- Exercise details: Copy out the lines of the records below, and only those lines, from the one with "เครื่องตัดคอนกรีตขนาด 12 นิ้ว" through the one with "- добавил  Хатчкрафт.", exactly as they appear.

*** Opening of Given data ***

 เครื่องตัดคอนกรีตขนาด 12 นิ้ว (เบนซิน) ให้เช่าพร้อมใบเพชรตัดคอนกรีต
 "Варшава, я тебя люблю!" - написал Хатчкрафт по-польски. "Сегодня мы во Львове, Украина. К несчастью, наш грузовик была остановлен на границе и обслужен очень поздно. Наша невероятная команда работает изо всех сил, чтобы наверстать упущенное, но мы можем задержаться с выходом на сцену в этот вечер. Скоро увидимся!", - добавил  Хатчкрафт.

*** Close of Given data ***
*** Opening of Given data ***

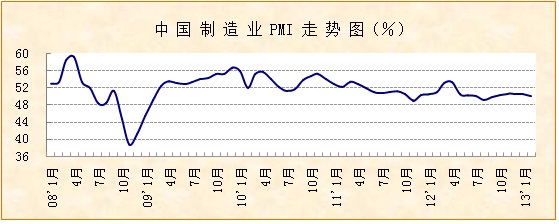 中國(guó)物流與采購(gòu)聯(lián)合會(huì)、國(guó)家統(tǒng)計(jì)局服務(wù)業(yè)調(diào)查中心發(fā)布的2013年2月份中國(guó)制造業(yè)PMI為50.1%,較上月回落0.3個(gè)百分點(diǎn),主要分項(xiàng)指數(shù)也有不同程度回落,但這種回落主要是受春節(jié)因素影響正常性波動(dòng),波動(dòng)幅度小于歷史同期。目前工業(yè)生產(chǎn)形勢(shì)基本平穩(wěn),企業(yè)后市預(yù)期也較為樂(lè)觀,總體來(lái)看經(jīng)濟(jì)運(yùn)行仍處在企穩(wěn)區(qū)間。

*** Close of Given data ***

- Problem solution:
 เครื่องตัดคอนกรีตขนาด 12 นิ้ว (เบนซิน) ให้เช่าพร้อมใบเพชรตัดคอนกรีต
 "Варшава, я тебя люблю!" - написал Хатчкрафт по-польски. "Сегодня мы во Львове, Украина. К несчастью, наш грузовик была остановлен на границе и обслужен очень поздно. Наша невероятная команда работает изо всех сил, чтобы наверстать упущенное, но мы можем задержаться с выходом на сцену в этот вечер. Скоро увидимся!", - добавил  Хатчкрафт.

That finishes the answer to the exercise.